Thinking for a while again ... my thoughts now are

• I won't finish this today anyways. Maybe soon time to get some sleep ?
• I now tend to go directly for the "full opaquing" solution. Just because it's clearly well-defined in terms of the C standard. Boilerplate code? Ok, I can live with that. Runtime penalty? Well, how often do you need to construct such "complex" objects that need structured options? Probably not that often. So, no reason to "optimize" that.
• Still, very interesting ideas discussed here, and I'm not entirely sure yet whether to change my mind ... thanks for that!

 

[ayleid96]

In my code i always used object-like stuff in C.

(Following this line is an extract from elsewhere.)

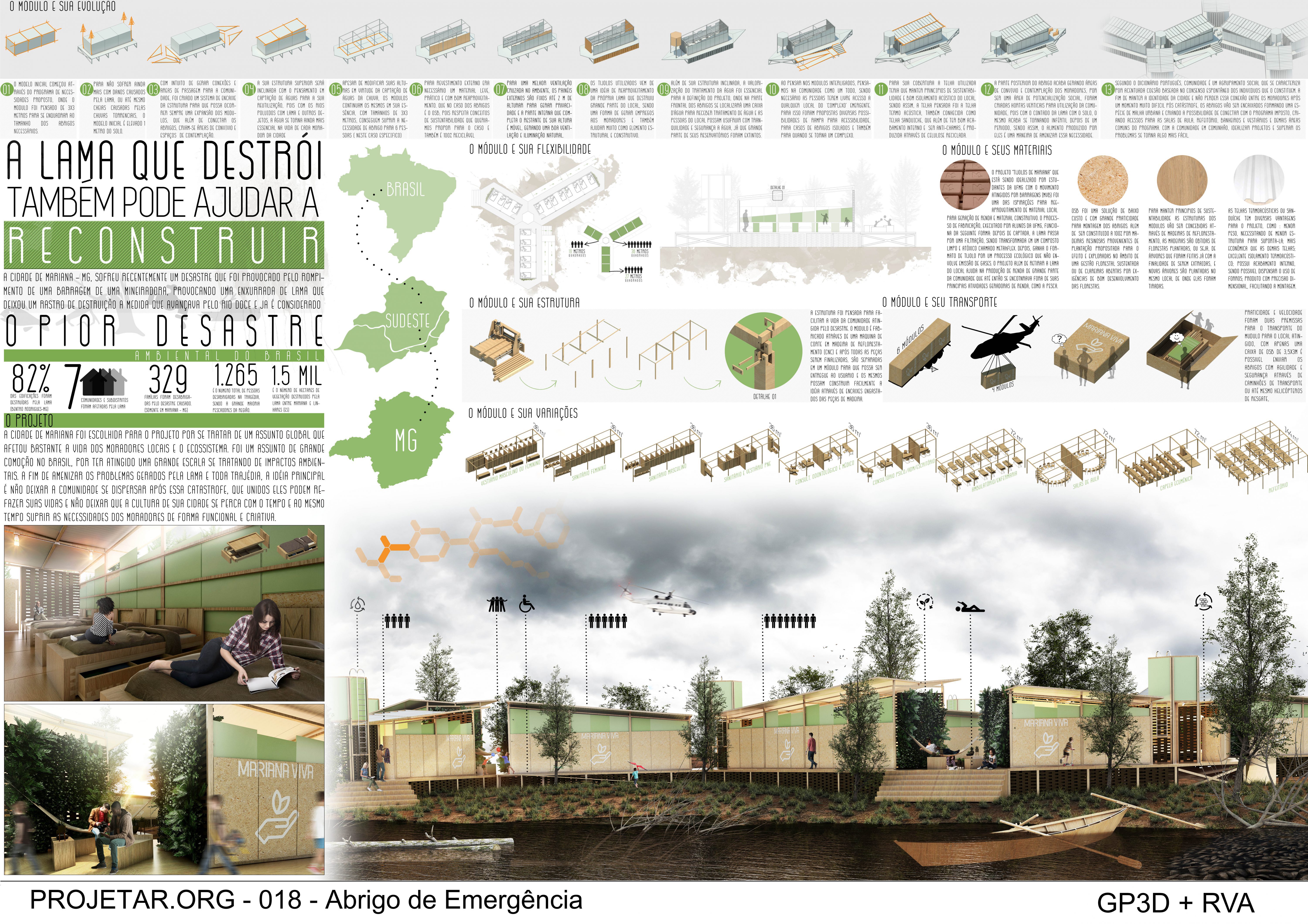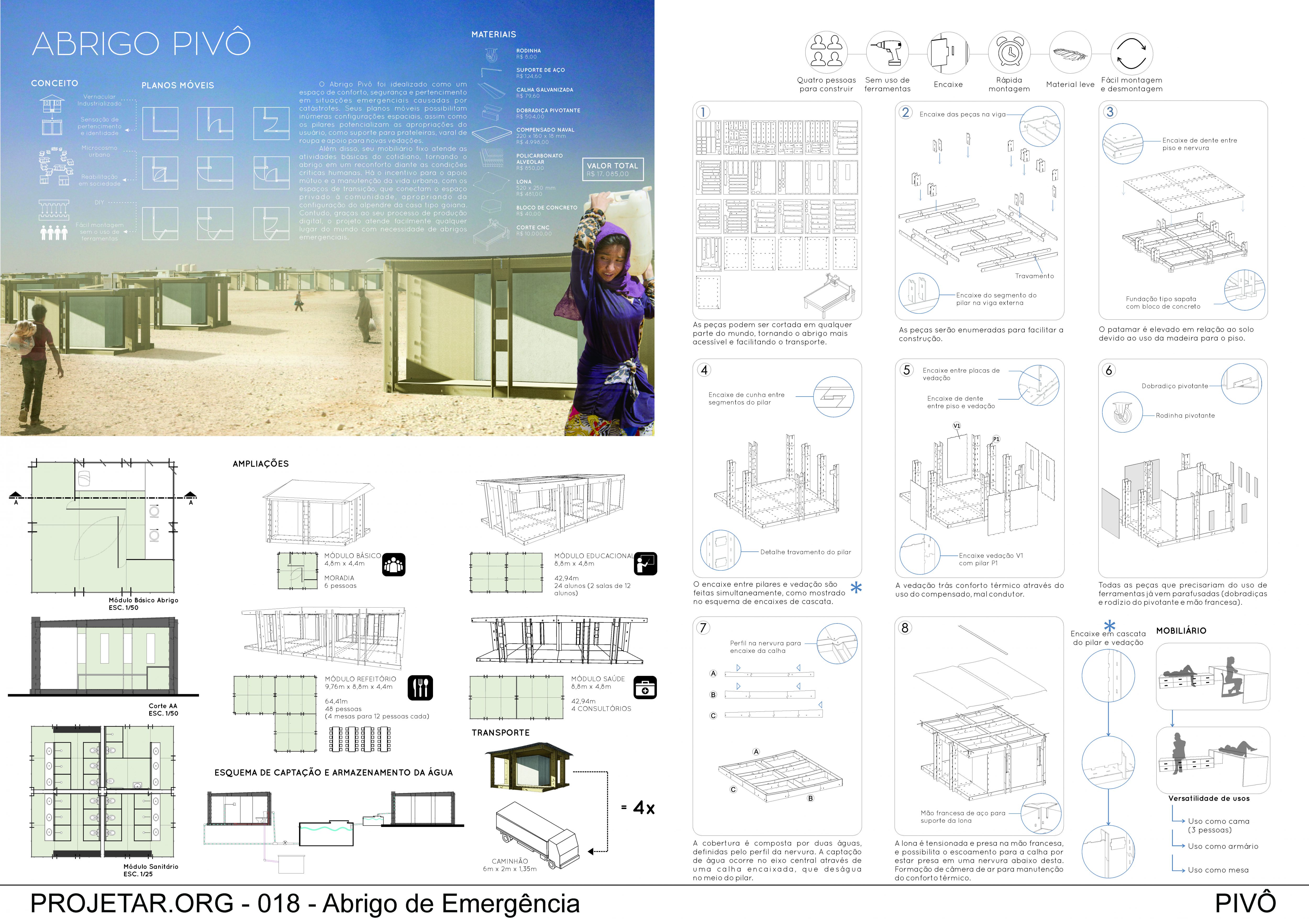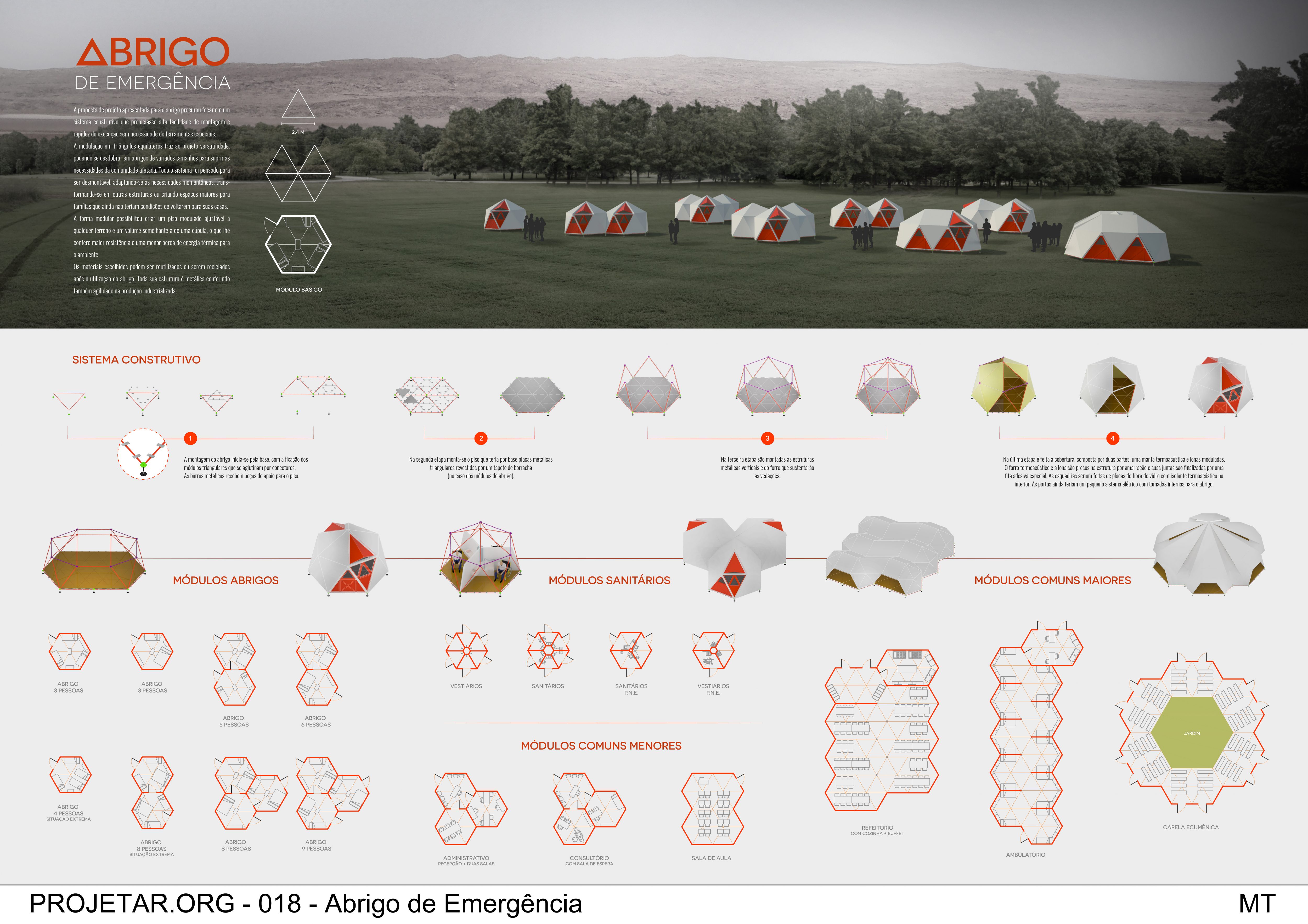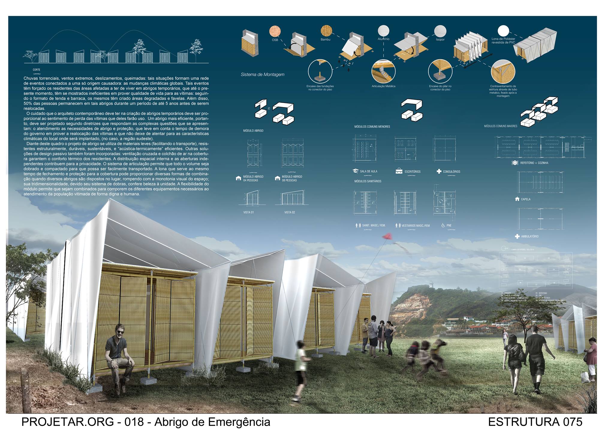 Veja a seguir os projetos premiados e menções do concurso de ideias Abrigo de Emergência, destinado a estudantes de Arquitetura e Urbanismo, promovido e organizado pelo projetar.org. O concurso teve como proposta um abrigo temporário que possa ser utilizado no auxílio de vítimas em casos de emergências como desastres naturais.

typedef struct Apple Apple;

enum AppleColor {
    RED,
    GREEN,
    YELLOW
};

struct Apple {
    char* name;
    int color;
};

Apple AppleInit(char*, int);
void AppleDestroy(Apple*);

Apple AppleInit(char *name, int color) {
    Apple ap = {
        name, color
    };
    
    return ap;
};

And later usage:

Apple myapple = AppleInit("baldwin", AppleColor.RED);
    
AppleDestroy(&myapple); // if malloc is used

Sorry if there is any suntax error, i am typing on phone.

 

[drhowarddrfine]

ayleid96 I think that's what I was referring to in my earlier comment. Good on you.

 

[zirias@]

I guess I finally have an idea how to avoid some of the drawbacks when "opaquing" these options objects. It hit me today while half through refactoring my code ?:

Why would you ever need more than a single instance of such a configuration object? I came up with: Either because you're constructing objects on multiple threads, or because some object must store its configuration for its lifetime.

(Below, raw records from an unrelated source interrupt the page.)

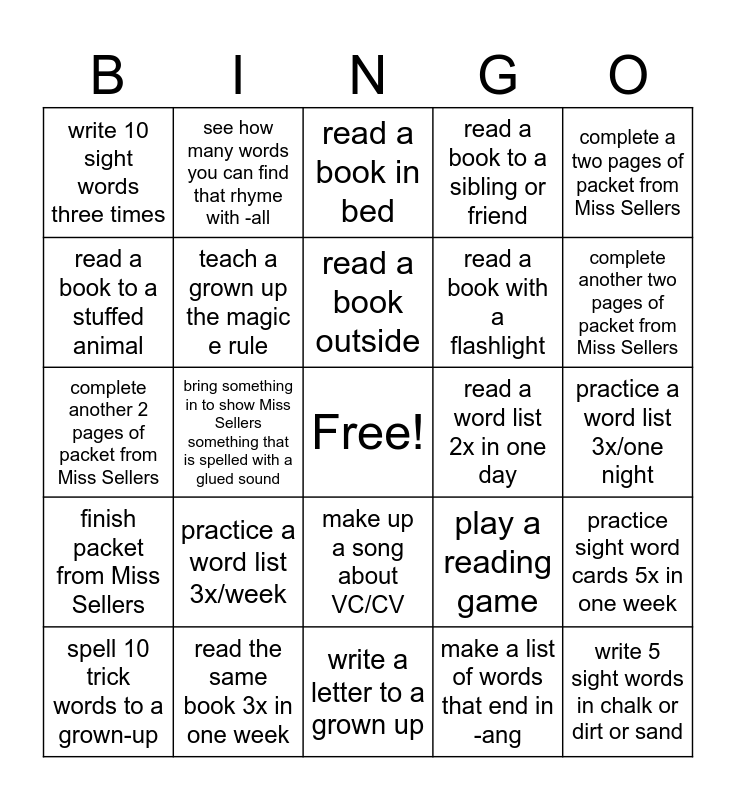 This bingo card has a free space and 24 words: practice a word list 3x/week, read the same book 3x in one week, read a book outside, spell 10 trick words to a grown-up, complete a two pages of packet from Miss Sellers, write 10 sight words three times, read a book to a stuffed animal, see how many words you can find that rhyme with -all, read a word list 2x in one day, make up a song about VC/CV, read a book with a flashlight, complete another 2 pages of packet from Miss Sellers, play a reading game, practice sight word cards 5x in one week, teach a grown up the magic e rule, make a list of words that end in -ang, practice a word list 3x/one night, read a book in bed, complete another two pages of packet from Miss Sellers, bring something in to show Miss Sellers something that is spelled with a glued sound, write 5 sight words in chalk or dirt or sand, finish packet from Miss Sellers, read a book to a sibling or friend and write a letter to a grown up.
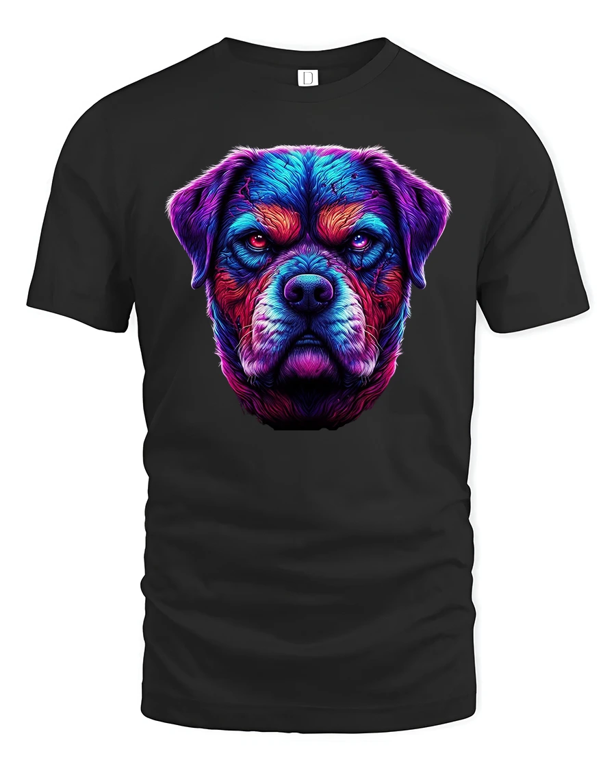 Whether you’re a proud Rottie owner or just admire their fearless charm, this neon art t-shirt is a stylish way to show your devotion.
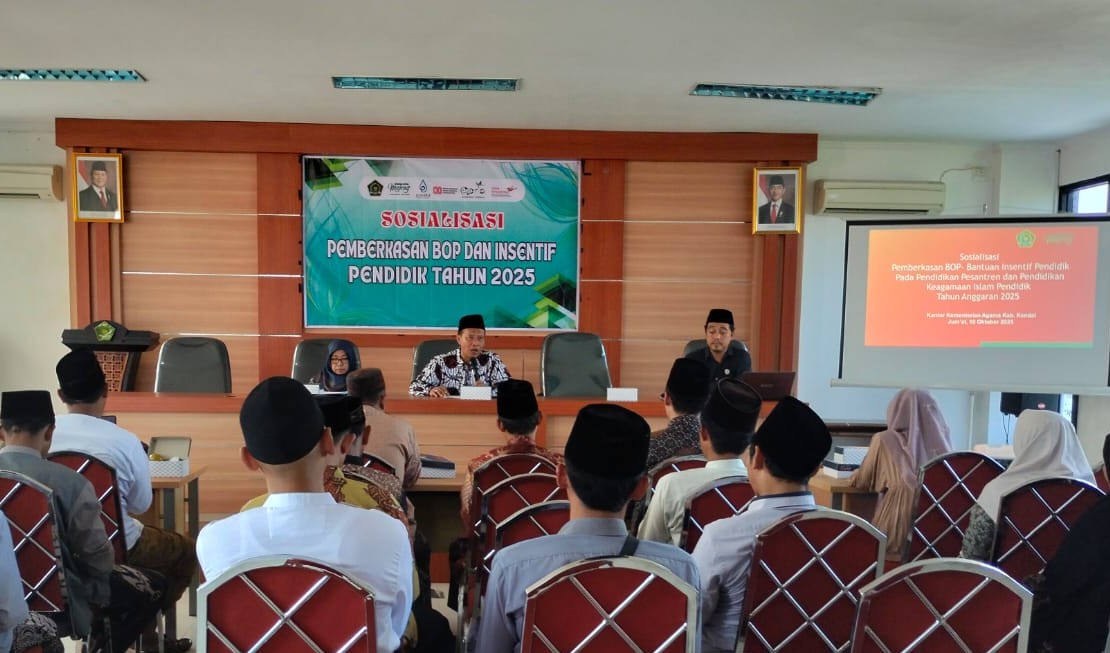 Kendal (Humas) – Pemerintah terus menunjukkan komitmennya dalam meningkatkan mutu layanan pendidikan keagamaan. Melalui Kantor Kementerian Agama Kabupaten Kendal, digelar kegiatan Sosialisasi Pemberkasan Bantuan Operasional Pendidikan (BOP) dan Insentif Pendidik Lembaga Pesantren dan TPQ Tahun 2025 yang digelar di Aula Gedung PLHUT Kemenag Kendal, Jumat (10/10/2025).

But then, there's a much simpler solution: Have exactly one static and thread-local instance of every options object. Offer an "init" method to reset it to default values, and individual accessors to configure it. Once it's used for construction, just copy its contents into the newly constructed object.

So, I hope usage could e.g. look something like this:

TcpClientOpts_init("www.example.com", 443);
TcpClientOpts_enableTls(0, 0); // no client certificate needed
TcpClientOpts_setProto(P_IPv6);
Connection *client = Connection_createTcpClient();

 

[Bobi B.]

IFAIK Windows is handling ABI backwards-compatibility with a size member in structures:

struct Opts {
    unsigned size;
    ....
};
struct Opts opts;
memset(&opts, 0, sizeof(opts));
opts.size = sizeof(opts);
...

Later, in code, you can handle compatibility gracefully. Or you can go setsockopt(2) or ioctl(2) (possibly similar to what curl does)? Or you can use shared library versioning (isn't this what it is for?)